To shewe yow the wey, in this viage,
Of thilke parfit glorious pilgrymage
That highte Jerusalem celestial
—Chaucer, The Canterbury Tales
I finally framed the painting by Tasha Robbins—an abstracted cross-swirl of tree stumps, raising among its energy loops a curious reminiscence of human figuration—and the portraits and posters on my old familiar walls, having duly shifted places to accommodate this newcomer, are calling to each other (to me) with reawakened vigor, as if by being moved they’ve fallen under new spotlights, baring their active souls again for my renewable eyes. Chairs, end-tables, moody lamps, regularly do this dance in my house, and over again what’s seemed fixed loosens, reshapes interior meaning as complementary presence, pluralized out from each object or piece of art to bear relation in a cosmology of household deities.
Here on the cheap lightweight foldout bookcase—it pretends to be Japanese—under the orange volcanic vase spewing trails of eucalyptus nuts and corkscrew willows—is the one personal photo that owns a public space in my art-stuffed apartment. Five young men caught mid gambol in a park, a little chorus line of kicks, gropes, arm-over-shoulder wraps, and wide too-wide smiles. Yes, that’s me (if you don’t ask I’ll point it out) in the wild-prophet hair and beard, a tangle of exuberant energy far the other side of saturation. My tucked-in cotton kimono’s bared to the waist, where you can spot—look closely—the much-admired hand-beaded belt (snakeskin-waffled in maroon, mauve, and chalky blue) with its moon slice mother-of-pearl buckle. The ferocity of hair and pure glaze of sunlight reek of period. The year is 1975 (it’s forever 1975!), the men are queer (well, one is “honorary”,) and Golden Gate Park has offered its swooping cypresses and Monterey pines to border the rolling fields of that summer’s Gay Freedom Day celebration.
There is no other picture, in my house, of paradise (though there is a “vale of soulmaking”.) Whatever reconstellating takes place, its rarified image stays true.

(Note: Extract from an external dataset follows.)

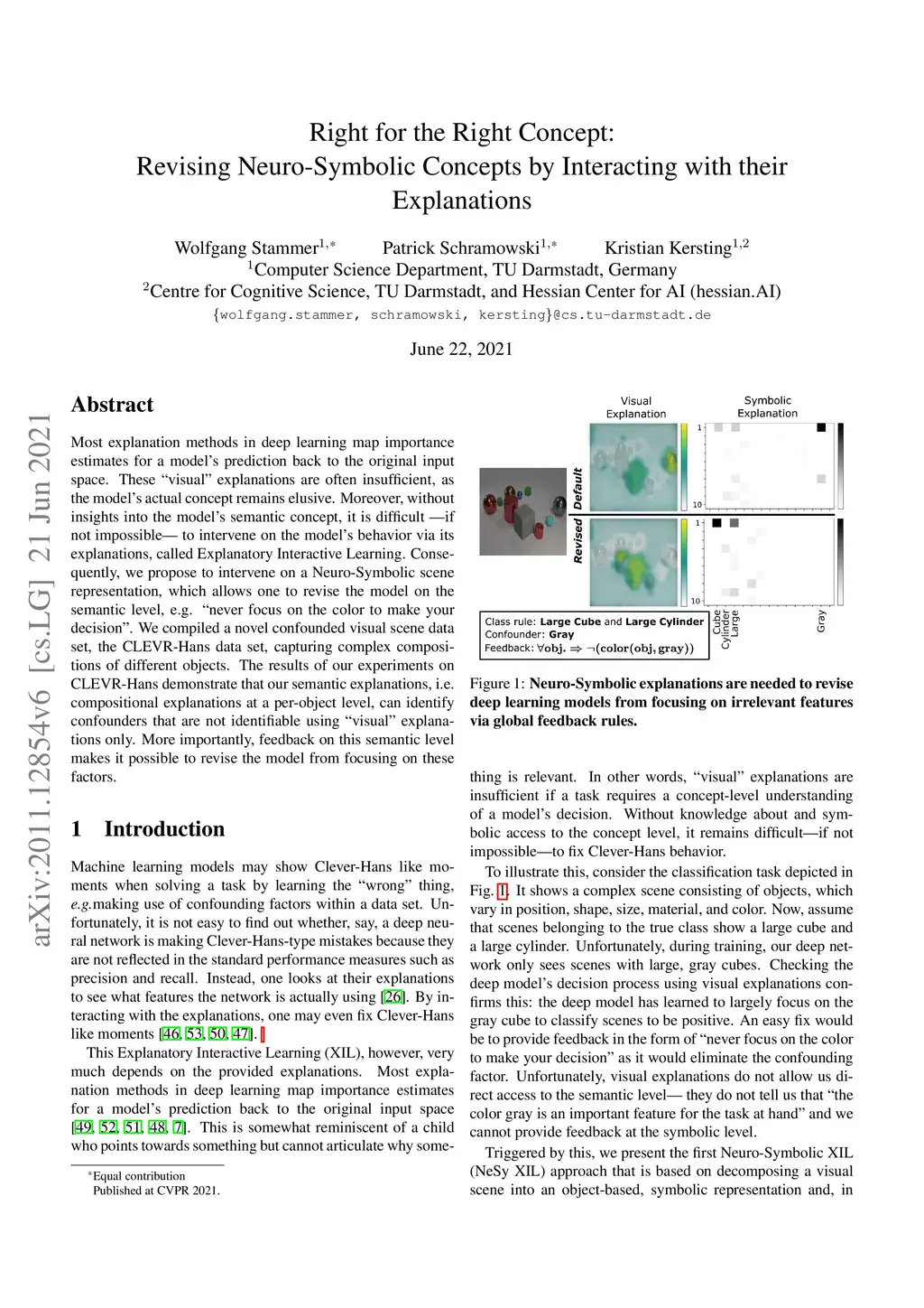 Most explanation methods in deep learning map importance estimates for a model's prediction back to the original input space. These "visual" explanations are often insufficient, as the model's actual concept remains elusive. Moreover, without insights into the model's semantic concept, it is difficult -- if not impossible -- to intervene on the model's behavior via its explanations, called Explanatory Interactive Learning. Consequently, we propose to intervene on a Neuro-Symbolic scene representation, which allows one to revise the model on the semantic level, e.g. "never focus on the color to make your decision". We compiled a novel confounded visual scene data set, the CLEVR-Hans data set, capturing complex compositions of different objects. The results of our experiments on CLEVR-Hans demonstrate that our semantic explanations, i.e. compositional explanations at a per-object level, can identify confounders that are not identifiable using "visual" explanations only. More importantly, feedback on this semantic level makes it possible to revise the model from focusing on these factors.
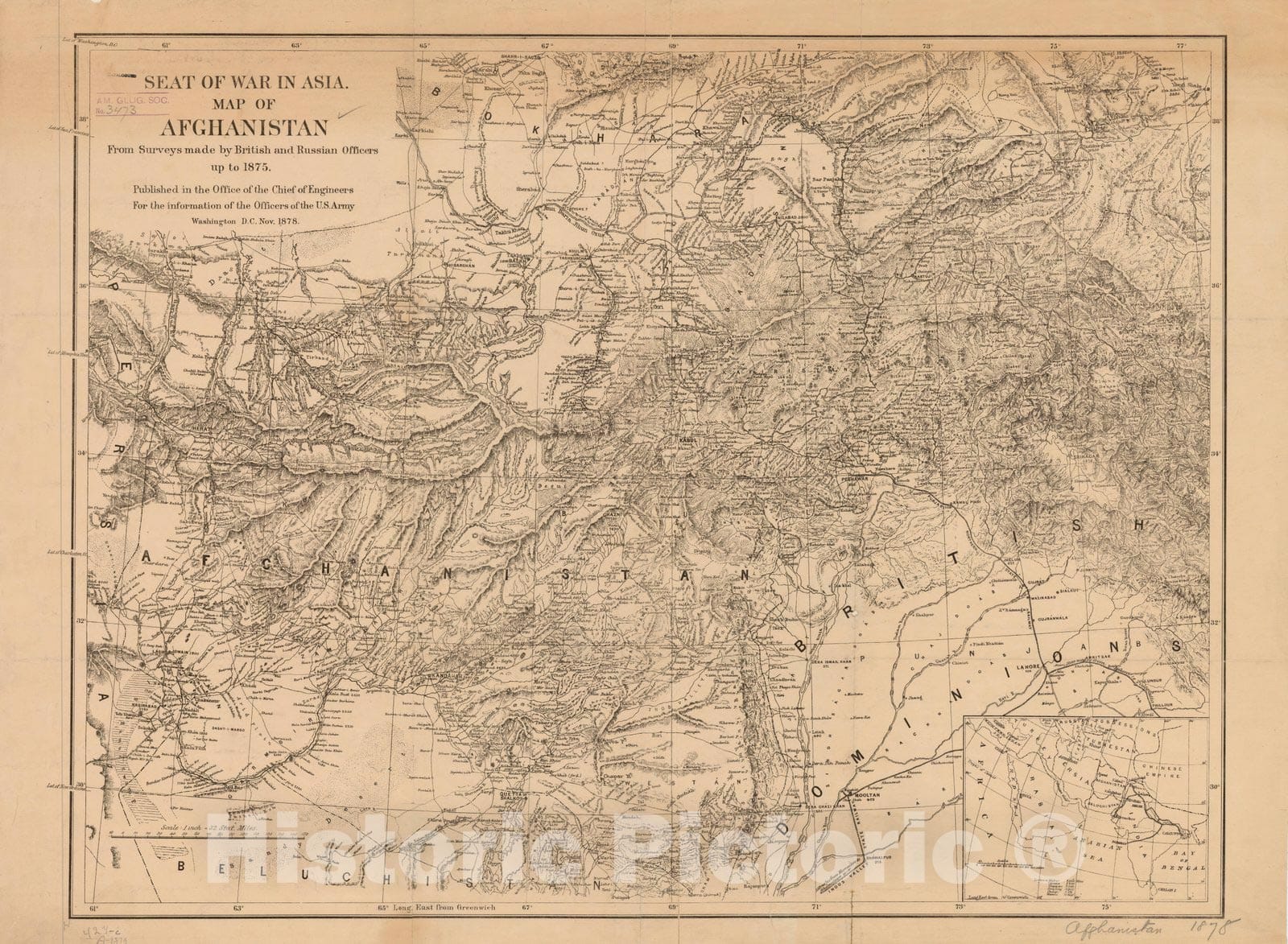 Map : Afghanistan 1878, Seat of war in Asia, map of Afghanistan : from surveys made by British and Russian officers up to 1875 , Antique Vintage Reproduction

The spontaneous fraternal beatitude, renegade eros and radical hilarity of that San Francisco hover, like elements of celestial Jerusalem, at the apex of memory; no maturity, no fine mellowness, no deepened work dissolves them. Through the clear painterly air—as if all of San Francisco had northern light—epochal details sharpen. There, the city’s edge-of-the-world history joins its urgent Pacific geography to clasp my hand in a lover’s vow (I married San Francisco on a brisk craggy hilltop in 1978, in lieu of a boyfriend.) “This other-Eden, demi Paradise,” rhapsodizes John of Gaunt, similarly England-besotted, “This happy breed of men, this little world,/ This precious stone set in the silver sea.”
Extravagant phrases of praises gild memory—one no longer knows the actual from the iconic—the icon becomes the actual! Where physical distance blurs temporal distance refines. This much has not shifted: on a shelf a lucite frame encodes the past in a photo—unregenerate—as a paradise of pure loss.
But something has shifted: the resonant image, gingerly holding its chemical colors against the fading powers of sunlight, remains the same, but the very nature of paradise has changed. Even while—eyes dewy—focused back on primal beauty, the unforeseen—HIV—transfigures sight, beholder and beheld. “This sceptered isle,” Shakespeare’s Gaunt has said, “This fortress built by Nature for herself/ Against infection.” The magic island is flooded in a breakaway recursive tide; what did not hold—infected—returns to alter the image of origin. [Stein: “Let me recite what history teaches. History teaches.”]
We stage the past in jeweled terms—to fix its daunting fluidity and give name to our nostalgia—but HIV has modified this delicate taxonomy. The paradigm shifts. A newly burnished glaze shines. A viral invasion has reconfigured the utopian body, so that what once was seen tenderly as “youth” is now revisited as the unacknowledged genius of “health”.
The circling age rings in Tasha’s painted tree trunks, I see today, are like the ovoid loops we practice to draw the human face. Her small oil of a foot among clouds rises, on my bedroom wall, above Nikki’s green collage with its palm-forward open hand. Familiar domestic talismans, these,—one sleeping, the other awake—that make of any wall a window through which I view some measure of self. Catching the last flare of sunset, they signal it across the room to a poster, in French, for Fellini’s Les Nuits de Cabiria, where Giuletta Masina, in a chicken-feather coat, flutters her fingers gamely at other seekers winging the night. In this crosswind of salutations the photo from 1975 has moved to my work table. Under gooseneck light I study its captive luminosity: its fable of youth, to be sure, and florid sunny conviviality, but more, now—shifted paradise—its depiction, its retention, of life before AIDS.